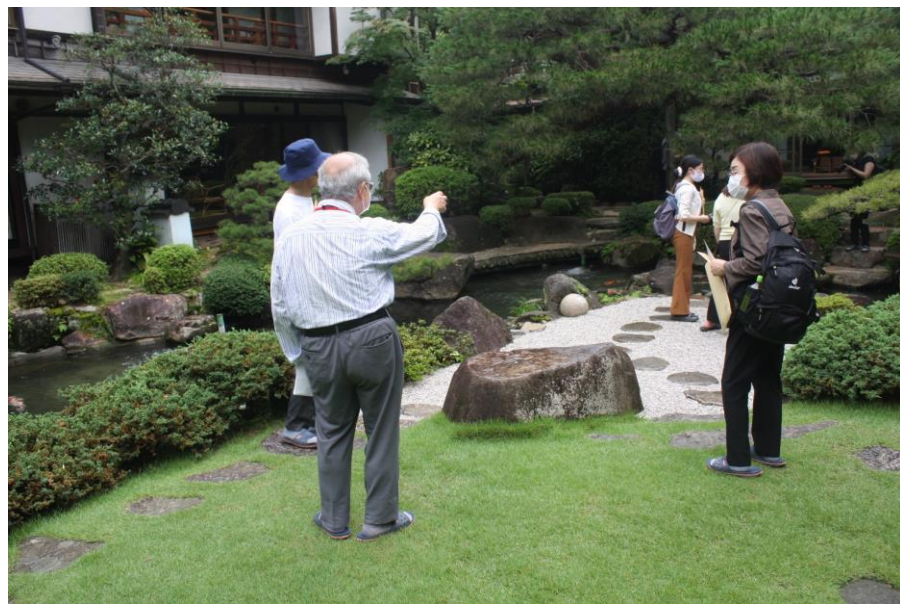
幕末の面影を残す「松田屋」と湯田温泉散策ツアー
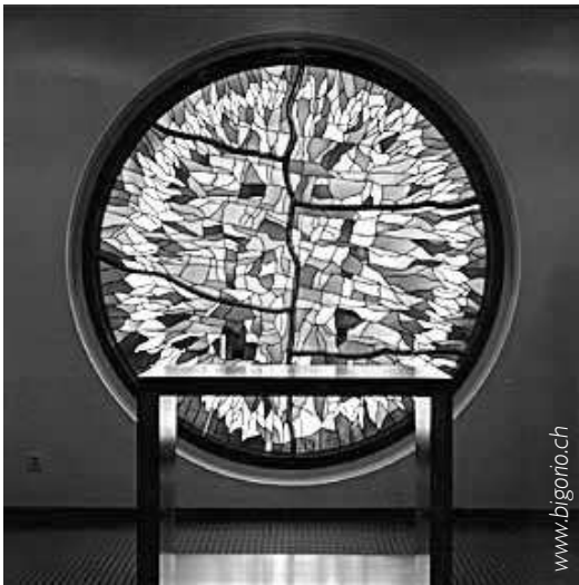
Cappella della Casa Sorriso, Tenero
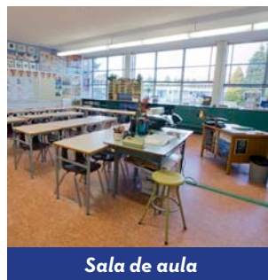
Sala de aula
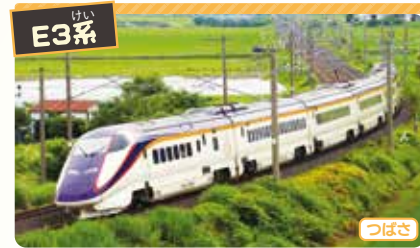
E3系 (最高速度 新幹線区間:時速275km 在来線区間:時速130km)

★三二新幹線は、新幹線から在来線に直接乗り入れるので、普通の新幹線車両より長さや幅が小さくなっています。

—————

■ **Work instruction**
From the line that contains "Sala de aula" to the final line of the material, write out each line exactly. Pictures stay out.

■ **Task answer**
Sala de aula
E3系 (最高速度 新幹線区間:時速275km 在来線区間:時速130km)

★三二新幹線は、新幹線から在来線に直接乗り入れるので、普通の新幹線車両より長さや幅が小さくなっています。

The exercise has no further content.